The present results are consistent with dual-process models of social cognition. These models essentially maintain that that the judgments and predictions we make regarding the characteristics and behavior of social stimuli can be guided not only by explicit reasoning, but can also be intuitive and based, sometimes, on nonconscious knowledge (e.g., Amodio, 2019; Lieberman, 2000; Smith & DeCoster, 2000). However, recent analyses have found little evidence that implicit (defined as nondeliberative) social cognition is supported by unconscious social knowledge (e.g., Greenwald & Lai, 2020; Hahn et al., 2014). We propose that the absence of this evidence has been caused, partly, by a lack of robust experimental methods to investigate the possibility of unconscious acquisition of socially relevant information (cf. Norman & Price, 2012). While the present study shows that judgments regarding a virtual human's behavior can be based on unconscious knowledge, our learning paradigm tackles only an isolated form of behavior of a social agent (structured body movements), and lacks the motivational, emotional and interactive aspects that usually characterize social situations (see Costea et al., 2022). Nevertheless, future studies could develop the present paradigm and experiment with more complex, emotionally relevant behaviors, structured by regularities. Relatedly, an important task for future research would be to determine the constraints on the behaviors that can be chunked in implicit structures, including constraints on the temporal span, complexity, and the nature of such behaviors.
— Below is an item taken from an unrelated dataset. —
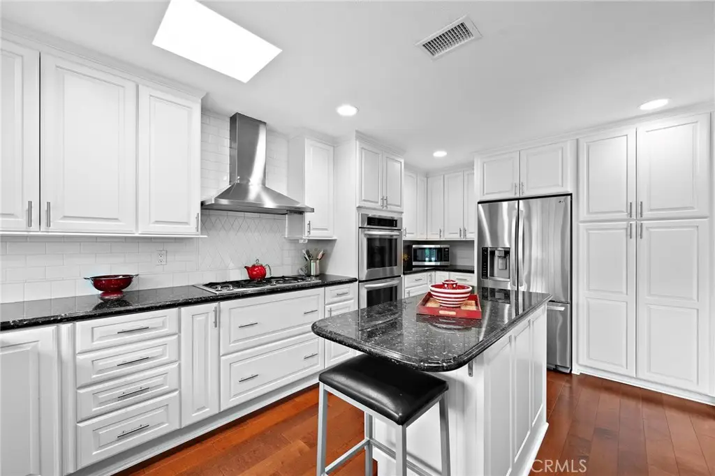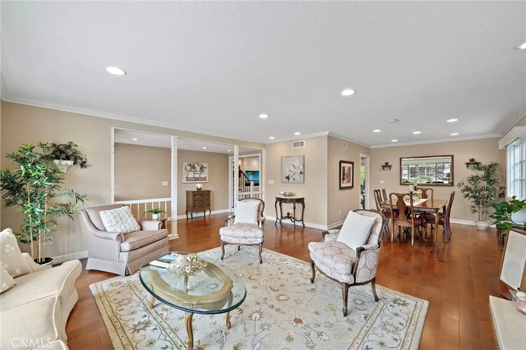 Located Just Moments From The Neighborhood Park And Bike Trail, This Stunning Residence Offers 5 Bedrooms, 3 Bathrooms, And Over 2,800 Sq. Ft. Of Thoughtfully Designed Open Concept Living Space -- Including A Primary Suite Conveniently Located On The Main Level. The Downstairs Showcases Custom Hardwood Flooring, Recessed Lighting, Crown Molding, and French Dual Pane Windows, French Doors, and Custom Silhouette Blinds. This Magnificent Estate-Style Home Boasts Gorgeous Curb Appeal with Brick Hardscape and Professional Landscaping. Double Entry Doors Open to a Formal Foyer, Elegant Formal Living Room with Marble Fireplace and Formal Dining Room which Flows Seamlessly into the Large Family Room with a Cozy Raised Hearth Fireplace, Custom Built-In Entertainment Center, and Breakfast Nook. The Gourmet Kitchen Has Been Professionally Expanded And Remodeled With Granite Countertops, Subway Tile Backsplash, Soft-Closing White Shaker Cabinetry, Stainless Steel Appliances, Skylights, And A Custom Island With Bar Seating. A Large Bay Window Overlooks The Garden, Flooding The Space With Natural Light. Also On The Main Floor Are Two Highly Desirable Guest Bedrooms And A Full Bath with Dual Sinks. Upstairs, You'll Find Two Oversized Bedrooms, One with Built-In Desk, and A Full Guest Bath with Dual Sinks. Additionally there is a Gigantic Walk-In Storage Closet which Could Almost be a Bonus Room. Additional Highlights Include Dual-Pane Windows Throughout, Central Air Conditioning And Heating, Copper Plumbing, Raised Panel Interior Doors, Mirrored Closets, And Direct Access To A Fully Finished Garage Complete With Abundant Storage, A Workbench, Pull-Down Attic Access, And Epoxy Flooring. Conveniently Located Near Beach, Shopping, Parks, And Award-Winning Schools, This Home Truly Reflects Pride Of Ownership.

Theories of sport-specific skill learning suggest that much of the knowledge involved in sports judgment and decision-making (e.g., anticipating the opponent's action, quickly identifying the best course of action) is acquired through implicit learning (e.g., Raab & Johnson, 2008; Weiss & Masters, 2022). We find that one can acquire unconscious knowledge about sports-specific body movements and can use it to judge sequences of such movements. Clearly, the extent to which such acquisitions can facilitate actual training or athletic performance is a matter that future research could address.

In conclusion, the present study is the first to show that humans can implicitly learn, in VR, knowledge regarding realistic body movements. Hence, it extends our knowledge concerning the realism and complexity boundaries of implicit learning and brings support for the tenet that implicit learning could sustain social and sports-related cognition. It is also the first to show that implicit knowledge extracted in the AGL is robust when accounting for its possible inflation by random measurement error.